Thursday, December 17, 2009

A Mauled Heiress Fights Back in San Fran

From today's Wall Street Journal:

Heiress Pushes to Add Some Bite to City's Leash Laws

By JIM CARLTON

Hotel heiress Marion Cope is trying to keep one of San Francisco's most exclusive neighborhoods from going to the dogs.

Mrs. Cope, a resident in the city's Nob Hill area, and others in the vicinity have complained for years about unleashed dogs disturbing Huntington Park, which lies in the shadow of the tony Huntington Hotel that Mrs. Cope's late husband controlled. On Nov. 11, the 74-year-old Mrs. Cope was attacked by unleashed dogs as she walked her leashed Irish terrier, Clancy. Signs say dogs must remain on leashes, but Mrs. Cope and many other residents say the laws are ignored.

Huntington Park in Nob Hill has a grassy area popular with nearby dog owners as well as a playground.

From her hospital bed where she recuperated from a 10-inch wound to her right leg, Mrs. Cope decided to fight back. Using her BlackBerry, she wrote an email to the neighborhood Nob Hill Association chastising dog owners for allowing their animals to run unleashed.

"The park has become a nightmare of unleashed dogs and just plain scary at night," she wrote on Nov. 21 to association president David Lefkowitz after she had gone back to the hospital to deal with complications from the dog attack.

Mr. Lefkowitz read Mrs. Cope's email at the association's Nov. 23 meeting, at which representatives of the police and fire departments as well as San Francisco Supervisor David Chiu expressed "a sincere and dedicated effort to solving this problem," Mr.

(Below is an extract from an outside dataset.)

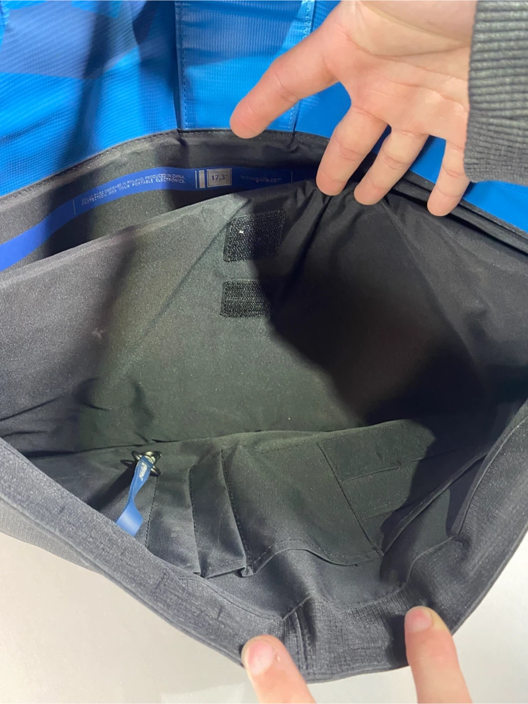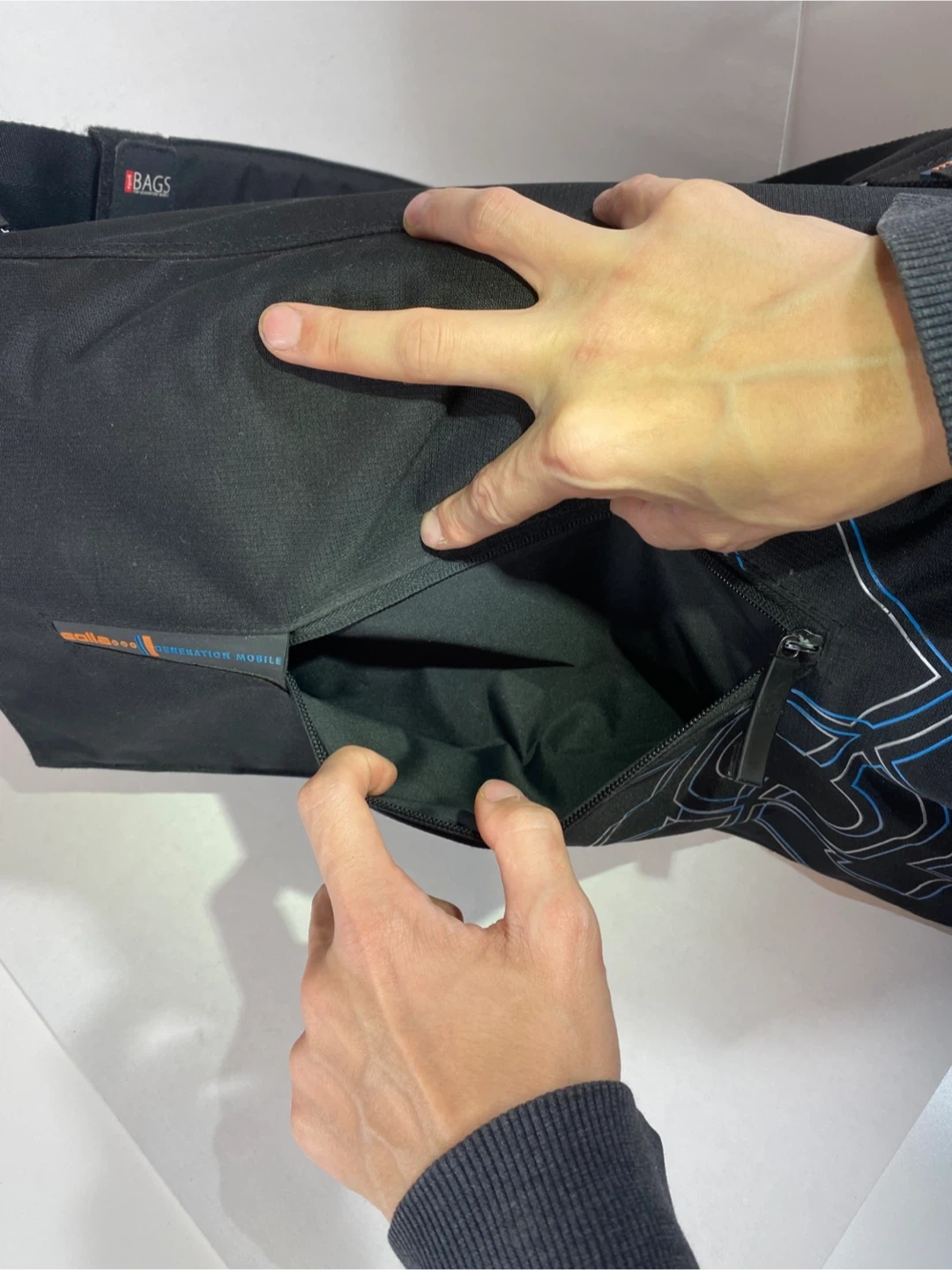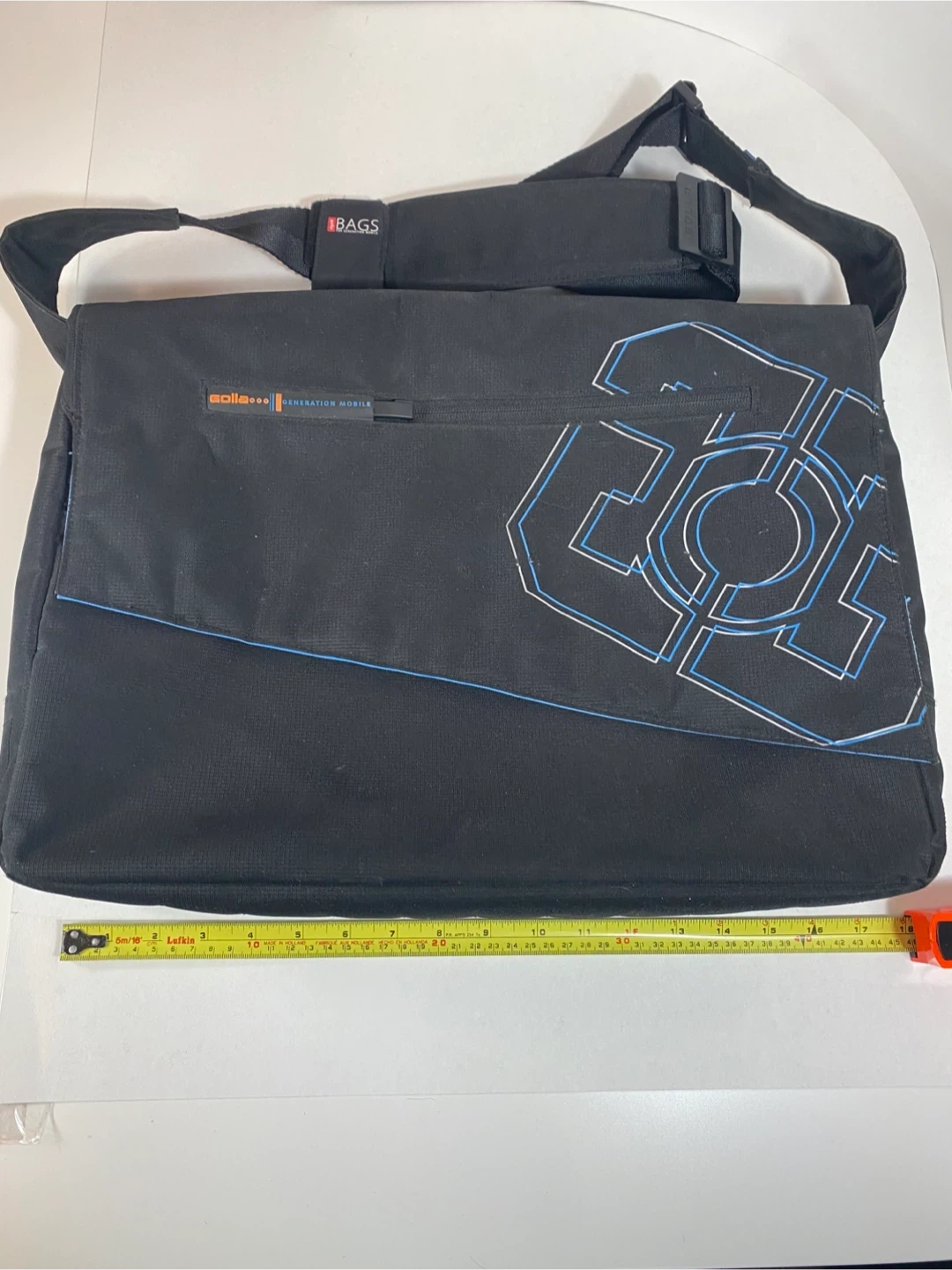 This black Gollla Generation Mobile messenger bag is designed for portable electronics. It features a main compartment and a zippered front pocket. The bag is designed to fit up to a 17.3" laptop.

Lefkowitz emailed back to Mrs. Cope.

Since then, the issue of unleashed dogs has become one of the most heated issues in Nob Hill, a wealthy area that is home to iconic institutions including the Fairmont Hotel and the Pacific-Union Club. Behind the scenes, activists who say they have long asked the city to enforce leash laws have ratcheted up pressure on City Hall by emailing city officials and taking videos of unleashed dogs.

But supporters of off-leash areas call the complaints overblown and Mrs. Cope's high-profile injury an isolated incident. "We have never had that problem," says Jana Holm, 60, a real-estate stager walking her two cocker spaniels in Huntington Park recently. "We all feel bad about her bite, but our little dogs didn't bite her."

Earlier this year, off-leash backers gathered 500 signatures in a petition to establish "timed" use of Huntington Park for off-leash dogs, a proposal opposed by the Nob Hill Association.

The Huntington Park dogfight is the latest chapter in the long-running debate over on-leash versus off-leash dogs. With more dogs than children in the city by some estimates, dog owners often lock horns with petless residents in San Francisco's 219 parks.

Although there are about 20 official unleashed areas in the city, park officials say it is difficult to enforce leash laws in the other parks partly due to limited resources. The city normally has only two park patrol officers on duty to police leash violations, says Phil Ginsburg, general manager of the Recreation and Park Department. And the San Francisco Police Department says its main jurisdiction is protecting the public from "vicious and dangerous" dogs.

Recreation and park officials say they have stepped up their patrols of Huntington Park, while Mr. Chiu -- who also serves as president of the Board of Supervisors -- helped organize a community forum scheduled for Jan. 28 at nearby Grace Cathedral.

"We all just need to sit together in a room and see if there are any solutions that can lead to peaceful co-existence," says Mr. Chiu.

Mrs. Cope, formerly from New York City, moved into Nob Hill's Brocklebank Apartments in 1967. In 1989, she married Newton Cope, who ran Nob Hill Properties Inc., which owned the Huntington Hotel. When he died in 2005, Mr. Cope was chairman and majority shareholder of Nob Hill Properties, a private firm controlled by his family.

Since Nov. 11, when Mrs. Cope says she was charged by four unleashed dogs after she stopped in Huntington Park to drop a doggie waste bag into the trash, she says she has continued fighting off-leash dogs by contacting activists such as Simon Ireland, a soccer coach who intensified his crusade against off-leash dogs after the attack. "I am pressuring everybody!" Mr. Ireland said in a Dec. 4 email to Mrs. Cope.

"I don't want anyone ever to go through this," Mrs. Cope, who has had to undergo skin grafts, says of why she became an on-leash activist. "This is a total disfigurement of my leg forever."